How Long Is To Long To Care?

I think I'm done...

for those who know me and will read this ... the comments of  'it's about time' will probably come up...

The Drunken Monkey had come back into my life... as I've said in other posts he had apologized to me for being such a douchebaggy dick head all those years ago, asked if we could be friends (to which I responded with alright after his explanation of how he didn't have any left anymore)... I know I'm not the first person to be friends with their exes... I much prefer that to having hatred toward someone...



He's always had a bit of a drinking problem... hence his name... it used to be used to blow off steam.. but now it just seems like every time I'm talking to him he is so drunk and high on meds...I don't take the bullshit answer of it was because of having been in the military... yeah sure I know how the American military can really fuck up the men and women that end up naively signing up...

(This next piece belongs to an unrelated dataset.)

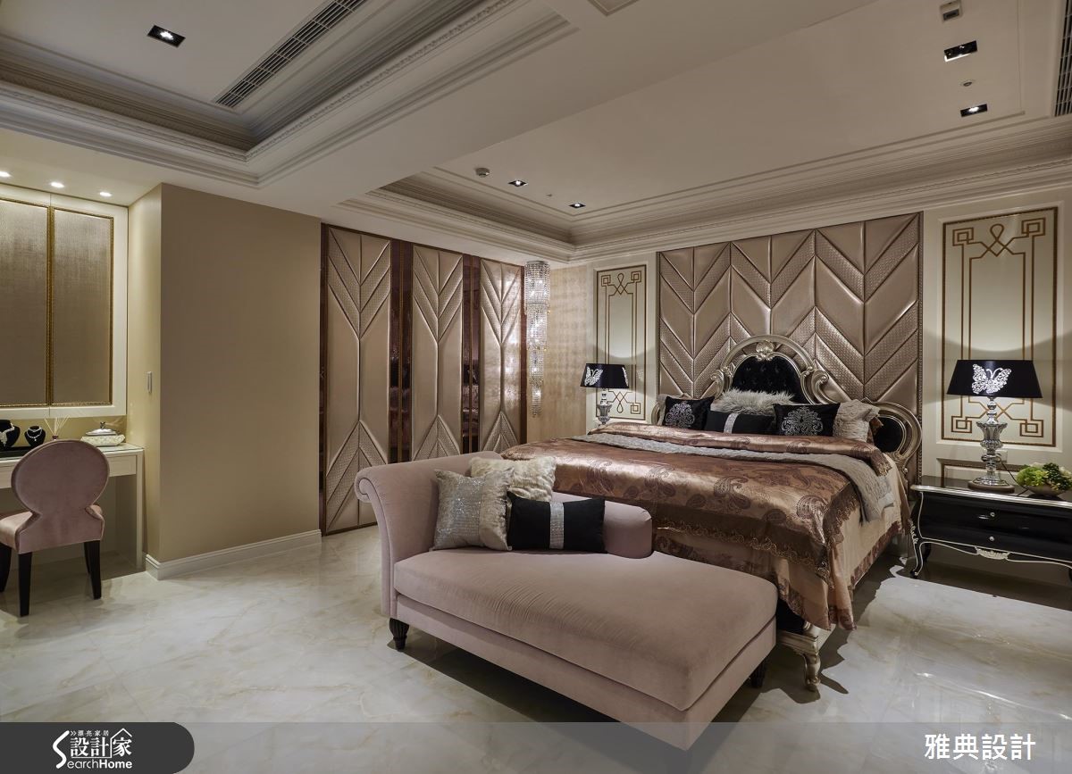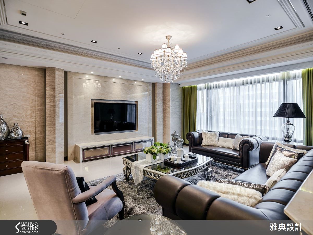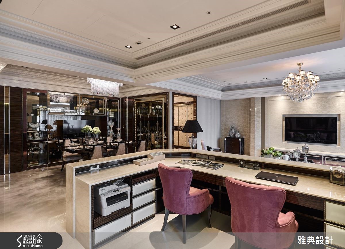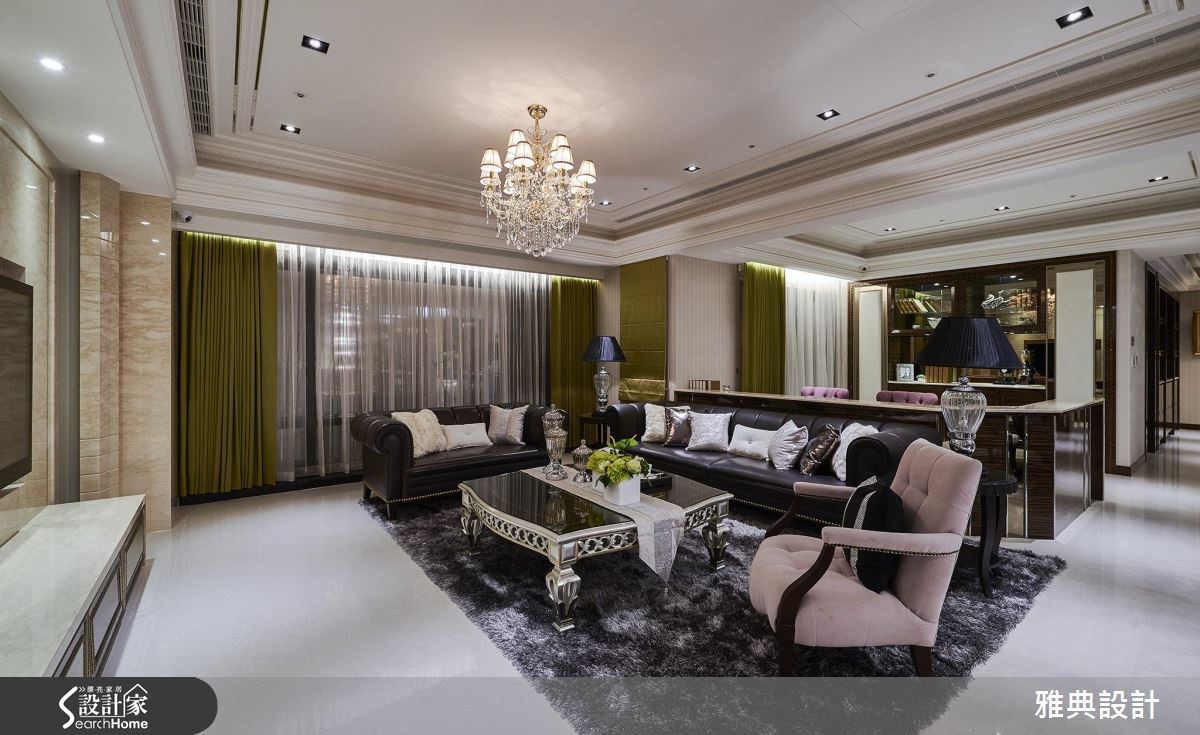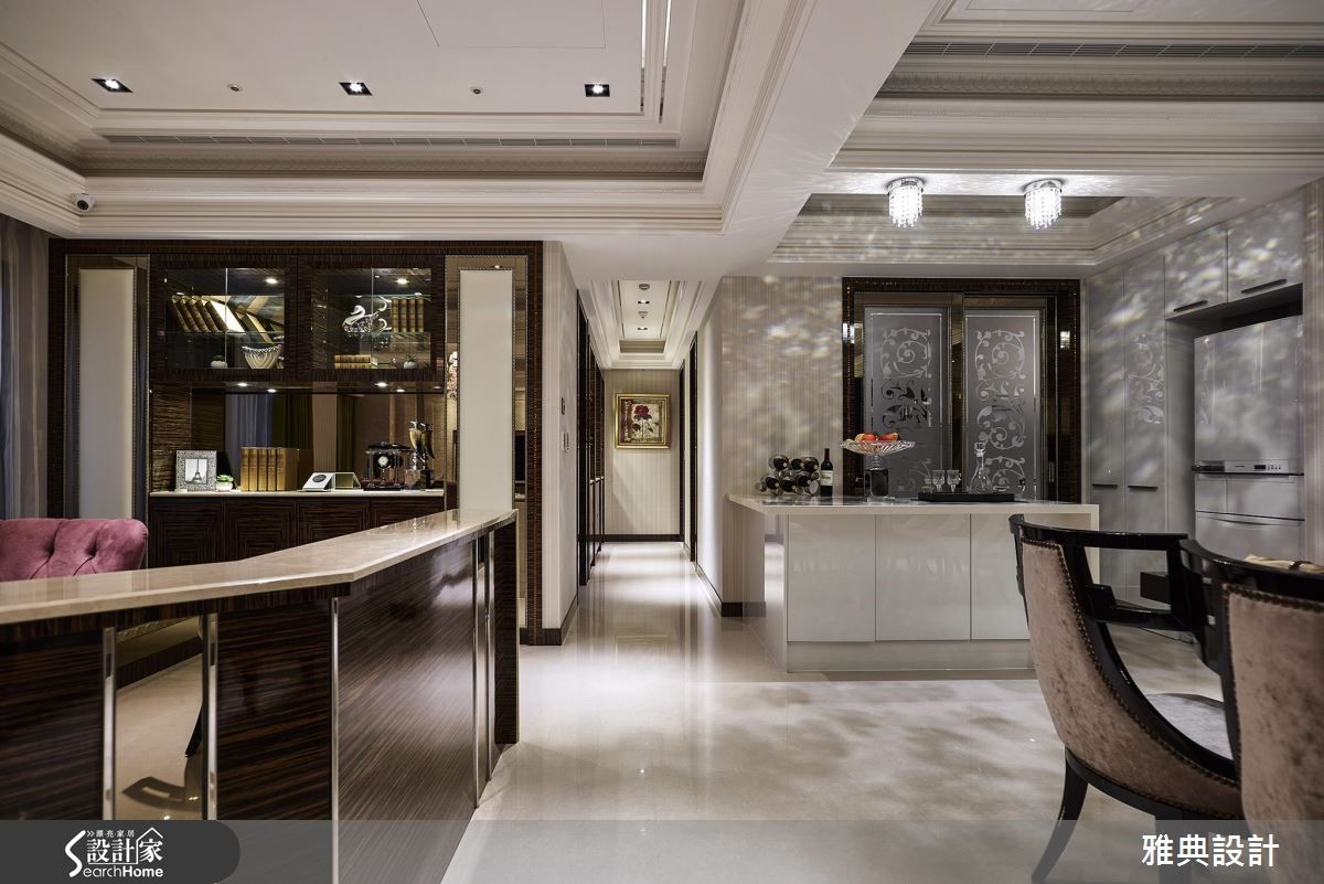 314平方米居宅,设计师贯彻奢华风的概念,增设两道墙面界定玄关范围,型塑入门后敞阔的开放视野。同时统筹收纳机能色彩搭配,打造出迷人的轻奢品味。快跟着小编一起走进来看看吧。【剔透镜面搭配,展现轻奢范】采用古典格局的设计,做出完整的玄关空间,与客厅区别,并做出门拱暗示雍容气质,展现气派优雅的迎宾印象。公共领域则采用全开放式格局,以黑檀木烤漆、镜面、大理石材质等贯穿整体,与高雅的家饰相得益彰。于天花做出线板堆叠,悬吊华丽水晶吊灯构筑视觉重点,使空间更显气势。且适时穿插粉红、绿色等轻盈色彩,平衡华丽稳重的基调,带出年轻氛围。而开放式的书房与轻食吧台设计,则让空间属性明确界定,兼具与其他领域交流互动。私领域除了规划超大更衣室,满足女主人收纳需求,亦延续了屋主喜爱的法式ART DECO风格,选用双色绷布、打造充满珍珠光泽的造型主墙,搭衬新古典雕花语汇的床头板,显现细致典雅的卧眠氛围。

There's been a few times where he's told me that part of the reason he drinks is to deal with the pain and memories of his past and his past fuck ups... I get that... as someone who used to drink everyday to numb it all I understand it all to well... but there's a time when you have to stop, get through the pain of it all and get on with live and getting drunk on a couple bottles of vodka just isn't going to do it...

I have to keep from crying as I remember how he used to be and what it is that he's turned into... I complain to him that he only ever calls me when he's drunk and or stoned on his meds... but he assures me that the only time he drinks is the nights he calls me... I call shenanigans on that shit... then the other night he drunk skypes me and I again mention the drinking and how he needs to stop... and he tells me that when talking to me is when he feels like drinking... that I make him have the need to drink...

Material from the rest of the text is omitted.